Items listed in a dataset
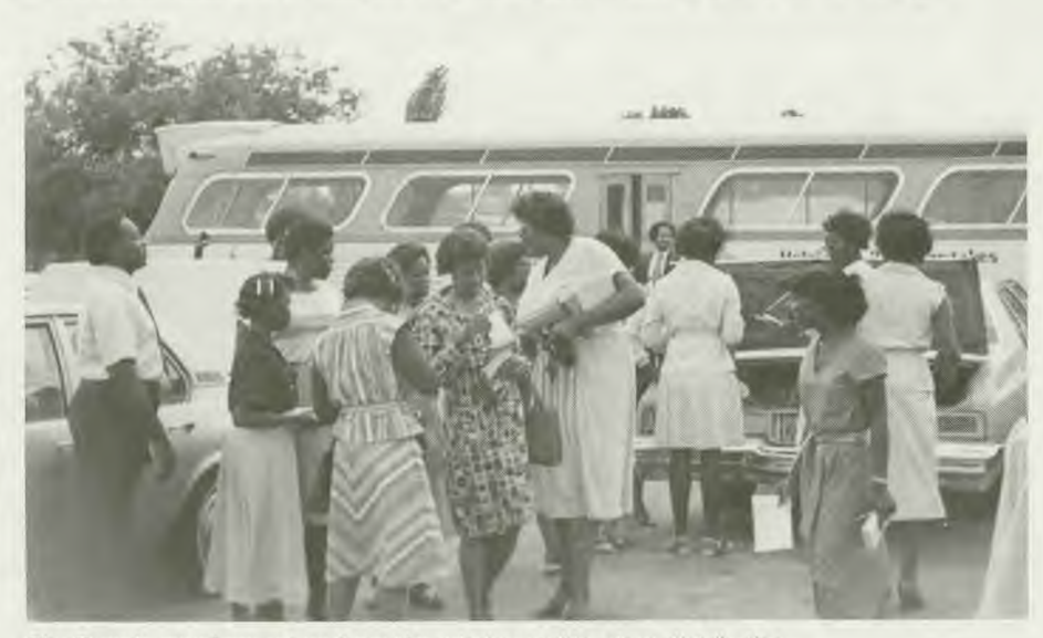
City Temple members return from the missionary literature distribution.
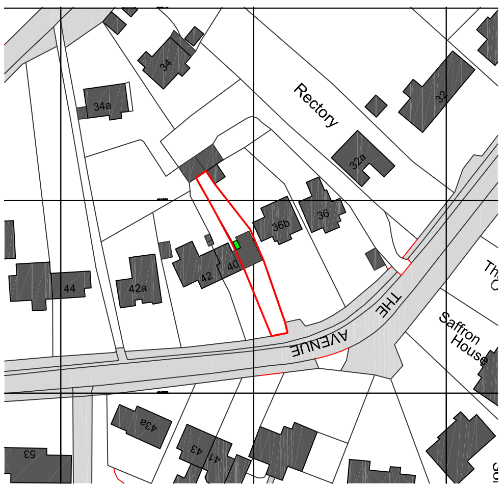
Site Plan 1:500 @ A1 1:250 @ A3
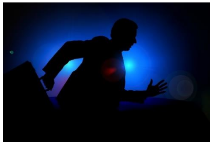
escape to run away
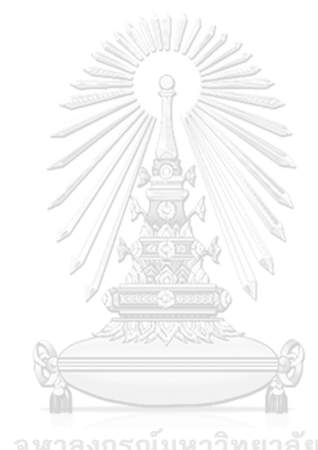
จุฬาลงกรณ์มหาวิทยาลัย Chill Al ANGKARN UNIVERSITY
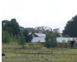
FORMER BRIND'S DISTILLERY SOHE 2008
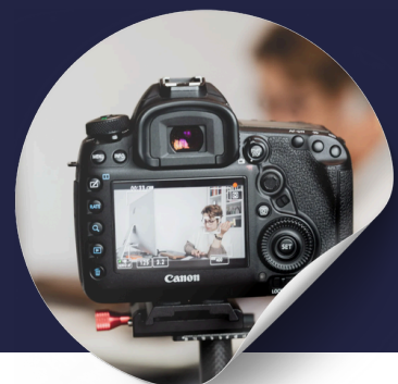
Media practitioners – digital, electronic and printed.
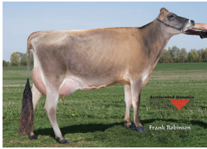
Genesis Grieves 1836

* * *

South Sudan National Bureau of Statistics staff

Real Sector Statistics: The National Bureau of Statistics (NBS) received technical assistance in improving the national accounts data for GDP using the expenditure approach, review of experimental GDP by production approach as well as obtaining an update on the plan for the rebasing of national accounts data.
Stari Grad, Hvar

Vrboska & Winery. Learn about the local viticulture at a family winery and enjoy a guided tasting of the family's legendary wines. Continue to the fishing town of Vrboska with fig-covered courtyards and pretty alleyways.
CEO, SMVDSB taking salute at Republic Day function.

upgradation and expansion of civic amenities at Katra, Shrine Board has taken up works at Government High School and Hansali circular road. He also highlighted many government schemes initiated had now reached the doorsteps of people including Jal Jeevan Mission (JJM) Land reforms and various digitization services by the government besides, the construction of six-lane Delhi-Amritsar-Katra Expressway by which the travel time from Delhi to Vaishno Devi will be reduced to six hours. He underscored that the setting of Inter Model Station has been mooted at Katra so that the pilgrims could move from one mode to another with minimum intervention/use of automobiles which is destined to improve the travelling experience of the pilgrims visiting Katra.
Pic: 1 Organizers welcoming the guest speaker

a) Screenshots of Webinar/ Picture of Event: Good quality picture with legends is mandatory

--

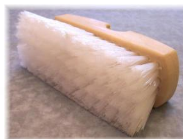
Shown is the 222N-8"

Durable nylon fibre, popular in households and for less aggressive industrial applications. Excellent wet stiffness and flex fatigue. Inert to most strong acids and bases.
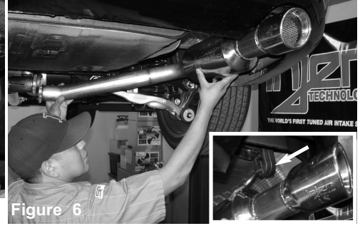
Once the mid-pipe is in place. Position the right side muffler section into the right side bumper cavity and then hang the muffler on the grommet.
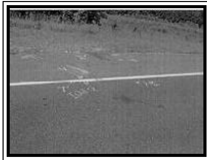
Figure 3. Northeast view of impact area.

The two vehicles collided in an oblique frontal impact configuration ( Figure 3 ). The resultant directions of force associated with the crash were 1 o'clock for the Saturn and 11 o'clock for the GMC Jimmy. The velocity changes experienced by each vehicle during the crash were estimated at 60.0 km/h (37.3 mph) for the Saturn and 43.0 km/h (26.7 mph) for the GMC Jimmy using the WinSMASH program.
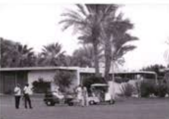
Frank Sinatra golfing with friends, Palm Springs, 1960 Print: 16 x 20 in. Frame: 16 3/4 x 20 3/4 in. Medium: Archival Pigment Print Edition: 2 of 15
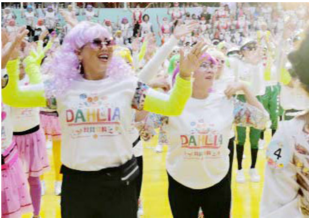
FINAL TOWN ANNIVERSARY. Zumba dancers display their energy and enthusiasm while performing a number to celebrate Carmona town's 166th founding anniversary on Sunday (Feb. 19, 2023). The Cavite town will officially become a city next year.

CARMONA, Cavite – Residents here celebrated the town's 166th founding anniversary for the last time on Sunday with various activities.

Task to complete –
Since the pictures are not part of the copy, please transcribe only the lines above from the one with "Media practitioners –" through the one with "Genesis Grieves 1836", exactly and with both ends.

Solution –
Media practitioners – digital, electronic and printed.
Genesis Grieves 1836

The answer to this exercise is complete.